Stored data:

________________________________________

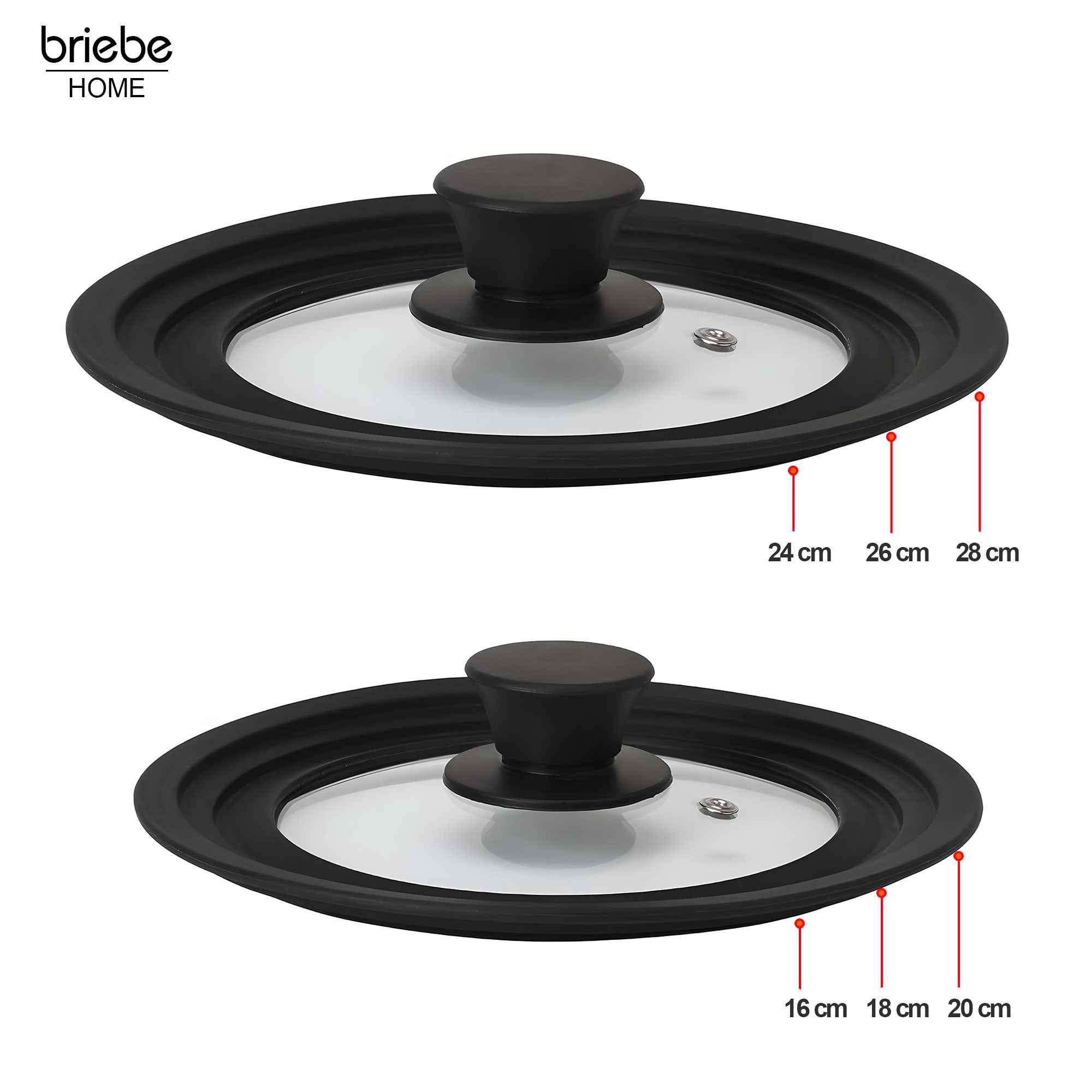 El set de 2 tapas universales briebe está diseñado para adaptarse a 6 medidas de sartenes cacerolas y ollas evita salpicaduras conserva el calor ahorrando energía y optimiza el espacio. ¡imprescindible en tu cocina!
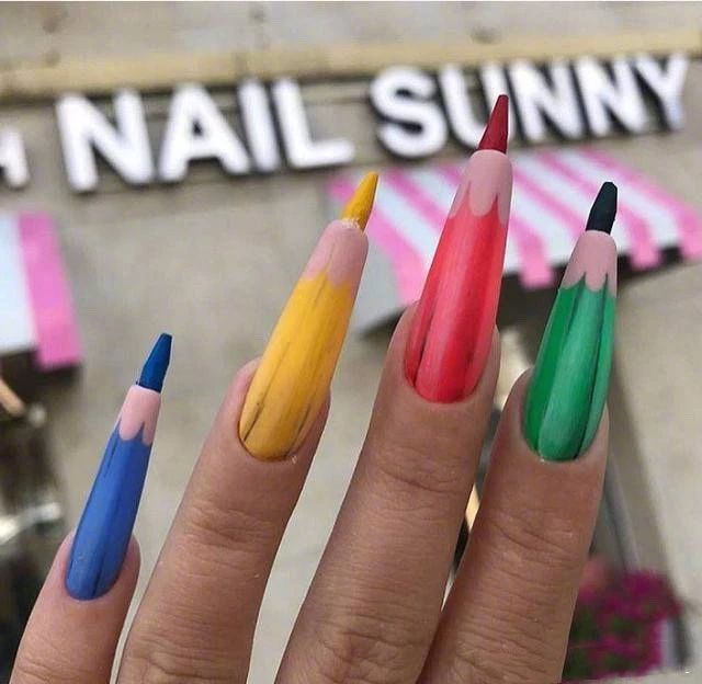 不仅有口红型美甲这样简单的异形美甲,也可以根据做的图案对指甲形状做出调整。
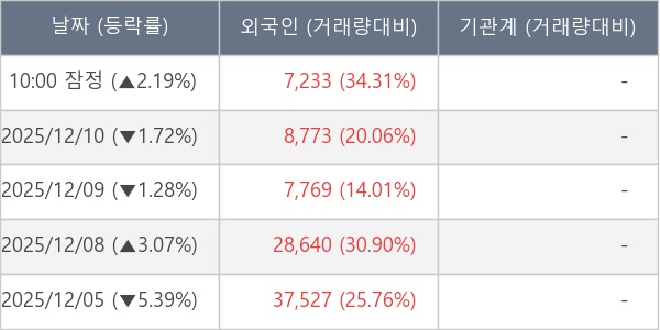 [장중수급포착] TPC, 외국인 14일 연속 순매수행진... 주가 +2.19%

________________________________________

Exercise requirements: Full transcription of the material, exact in every line, without images.

Answer to this task:
 El set de 2 tapas universales briebe está diseñado para adaptarse a 6 medidas de sartenes cacerolas y ollas evita salpicaduras conserva el calor ahorrando energía y optimiza el espacio. ¡imprescindible en tu cocina!
 不仅有口红型美甲这样简单的异形美甲,也可以根据做的图案对指甲形状做出调整。
 [장중수급포착] TPC, 외국인 14일 연속 순매수행진... 주가 +2.19%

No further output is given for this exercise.